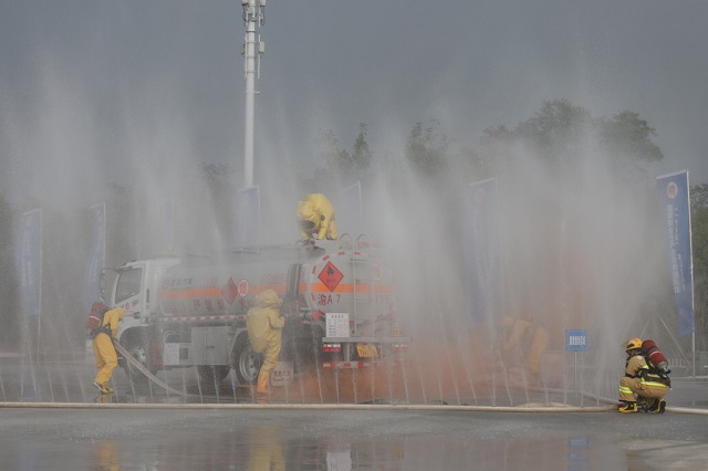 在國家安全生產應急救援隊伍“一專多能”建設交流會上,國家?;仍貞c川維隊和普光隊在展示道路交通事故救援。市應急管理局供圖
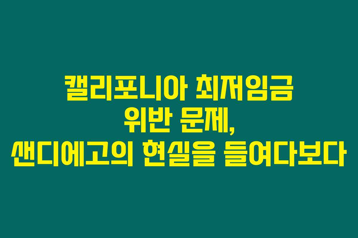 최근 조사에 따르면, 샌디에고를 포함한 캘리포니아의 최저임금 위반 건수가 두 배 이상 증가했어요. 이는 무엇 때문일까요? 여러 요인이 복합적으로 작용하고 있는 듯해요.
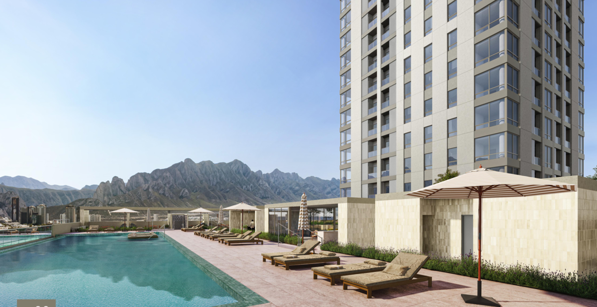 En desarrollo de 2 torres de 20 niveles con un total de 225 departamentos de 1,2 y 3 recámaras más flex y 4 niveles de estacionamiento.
____________
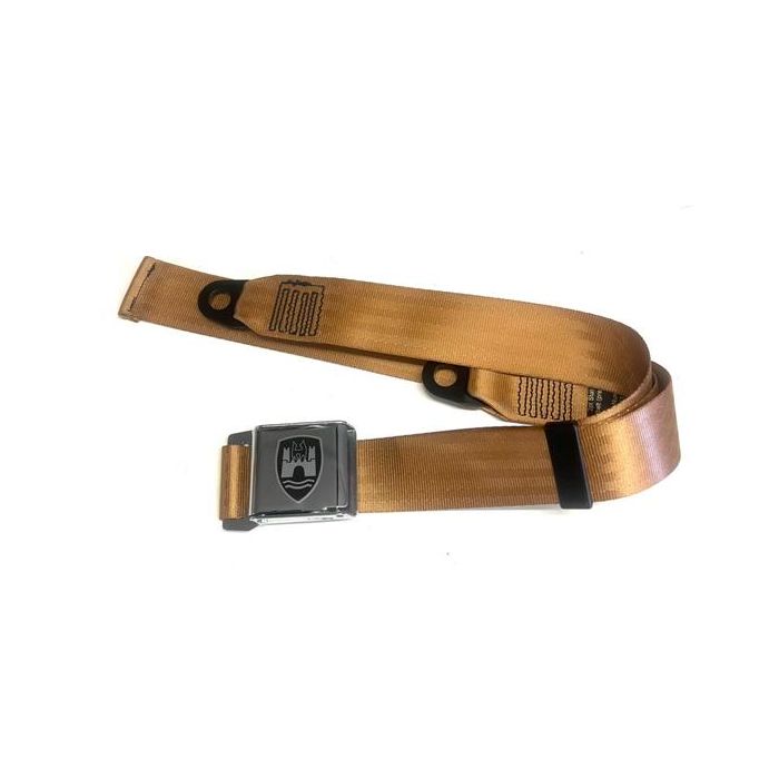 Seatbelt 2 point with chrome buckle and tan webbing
____________
WHAT IS REQUIRED:
Only one stretch of the material above is wanted: the line containing "최근 조사에 따르면, 샌디에고를" through the line containing "En desarrollo de". Restate it word for word, minus the pictures.

ANSWER:
 최근 조사에 따르면, 샌디에고를 포함한 캘리포니아의 최저임금 위반 건수가 두 배 이상 증가했어요. 이는 무엇 때문일까요? 여러 요인이 복합적으로 작용하고 있는 듯해요.
 En desarrollo de 2 torres de 20 niveles con un total de 225 departamentos de 1,2 y 3 recámaras más flex y 4 niveles de estacionamiento.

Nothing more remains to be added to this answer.